Deepfake & Vision AI Detection
Bullsift's Vision AI analyzes sampled frames from the video to detect AI-generated or manipulated visual content. The system samples 4 frames at different points in the video (10%, 30%, 50%, and 70% of total duration) and analyzes them for artifacts.
What It Detects
- Generative AI imagery — morphing, unnatural textures, structural inconsistencies in faces, hands, and backgrounds
- Stock footage slop — disjointed random stock footage with grainy overlays, light leaks, and large text boxes typical of faceless content farms
- AI slideshows — still images with pan/zoom effects or AI-warping animation
What It Does Not Flag
- Professional motion graphics and recorded interviews
- Financial dashboard screenshots (compression artifacts are normal)

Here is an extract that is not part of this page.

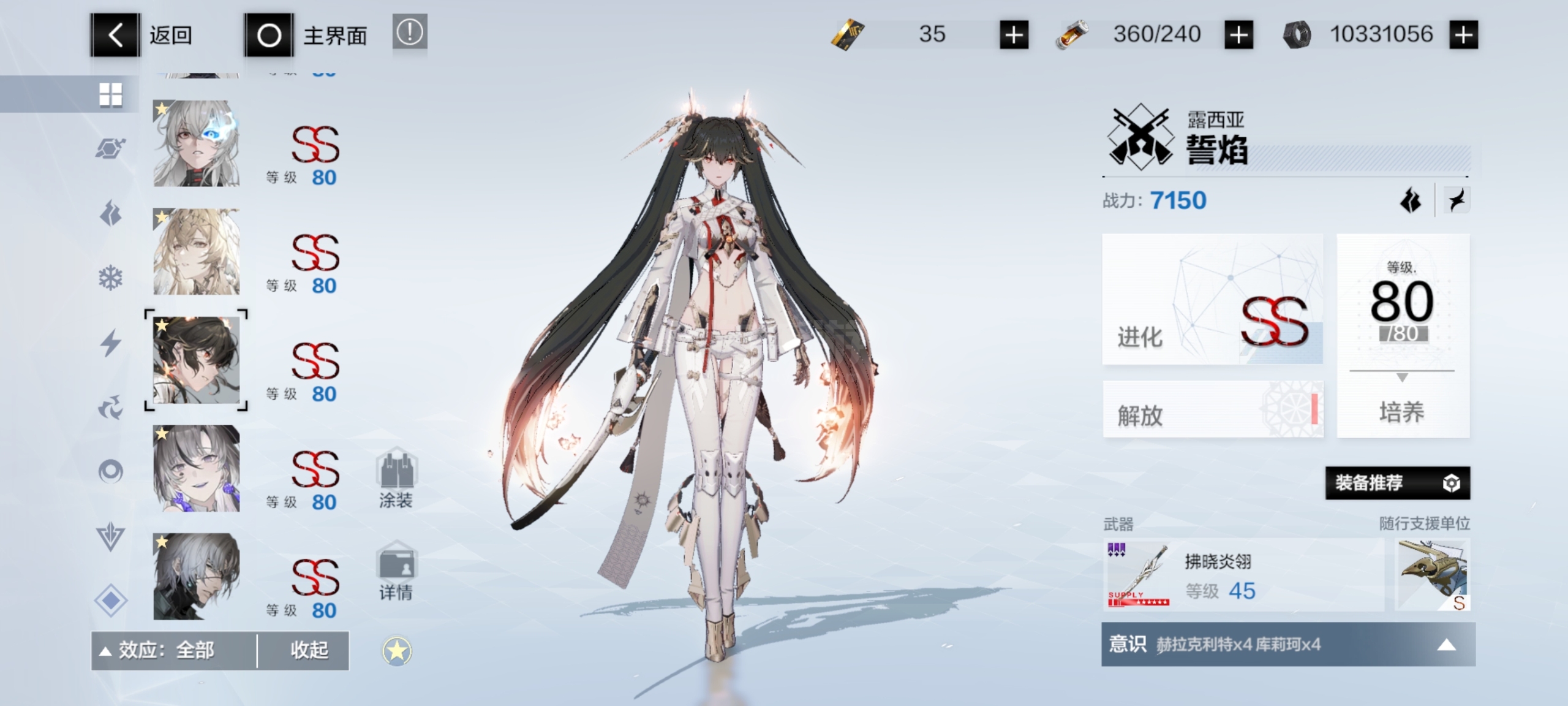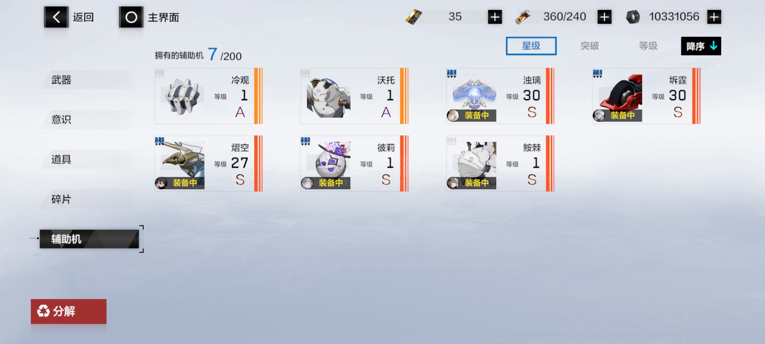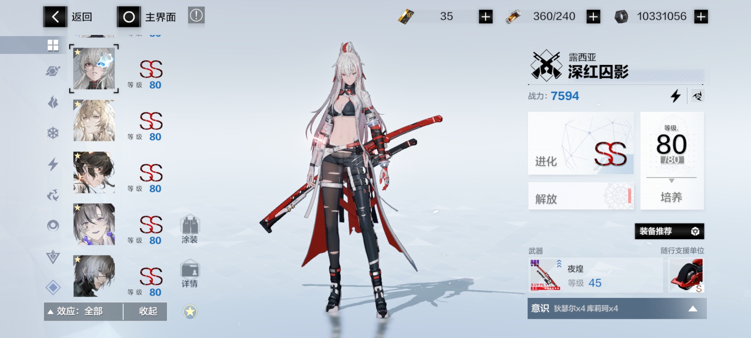 自己看吧这些角色全是2S加六星专武全部升满的,还有众多角色材料,皮肤有两个,六个六星武器
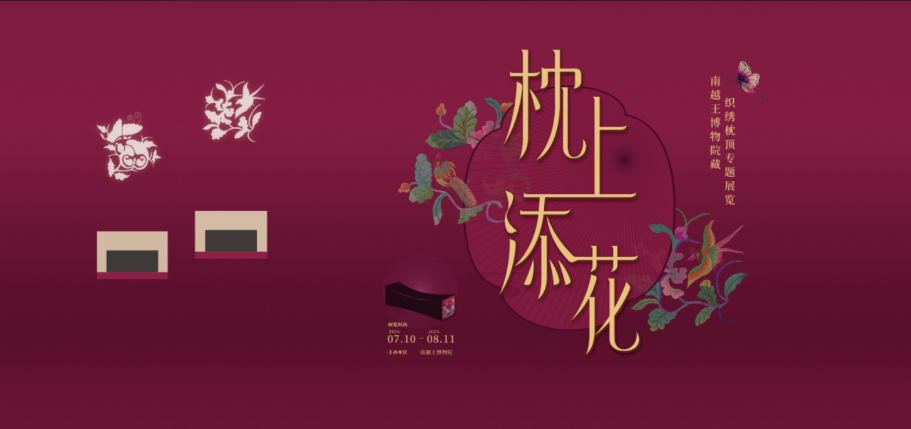 《枕上添花——南越王博物院藏织绣枕顶专题展览》展期为7月10日展至8月11日。

- Designed YouTube thumbnails with bold text and branding
- Channel branding elements like logo animations and end screens
Fakeness Probability Scale
Results are reported as a probability score from 0 to 100. Scores of 0-15 indicate clearly human-produced content. Scores of 16-30 suggest minor concerns but likely human production. Scores above 60 indicate strong AI-generation signals. The system accounts for channel context — professional verified channels are evaluated with awareness that high-end motion graphics differ from generic AI slop, though established status does not grant a free pass.
Channel Heuristics & Content Farm Detection
Bullsift runs a separate heuristic analysis on each channel to detect content-farm and bot-farm behavior. This score (0.0 to 1.0) feeds into the Slop Score and Baseline Trust calculations.
Detection Signals
- Upload velocity — channels posting more than 2 videos per day receive the highest penalty (this upload rate is a signature of automated content generation)
- Age/volume mismatch — a channel less than 90 days old with over 100 videos is flagged as suspicious
- Low subscriber-to-video ratio — fewer than 5 subscribers per video (with 50+ videos) indicates mass-produced content with no audience retention
- Engagement anomalies — abnormally low like-to-view ratios on high-view videos, or suspiciously high ratios that suggest manipulation
Authority Balancing
To prevent false positives on legitimate high-output publishers, authority signals like channel verification, high subscriber counts, and long channel age reduce the heuristic score. A verified channel with 1M+ subscribers receives substantial authority reduction even if upload velocity is high.
Global Claims Database
Bullsift maintains a global database of claims extracted from analyzed videos. When the same claim appears across multiple videos, it is canonicalized and tracked — similar to how Snopes tracks recurring claims.
Claim Matching
Claims are matched using a three-tier approach: text similarity matching catches obvious duplicates, semantic vector matching (using embeddings) catches claims that say the same thing in different words, and a cache layer prevents redundant re-verification of recently checked claims.
Temporal Truth Decay
Not all claims age equally. Bullsift categorizes claims by freshness — stable facts rarely need re-verification, while event-driven or fast-changing claims are automatically flagged for periodic re-checking. A background system monitors claim expiry and triggers re-verification when a claim becomes stale, ensuring that verdicts stay current as new evidence emerges.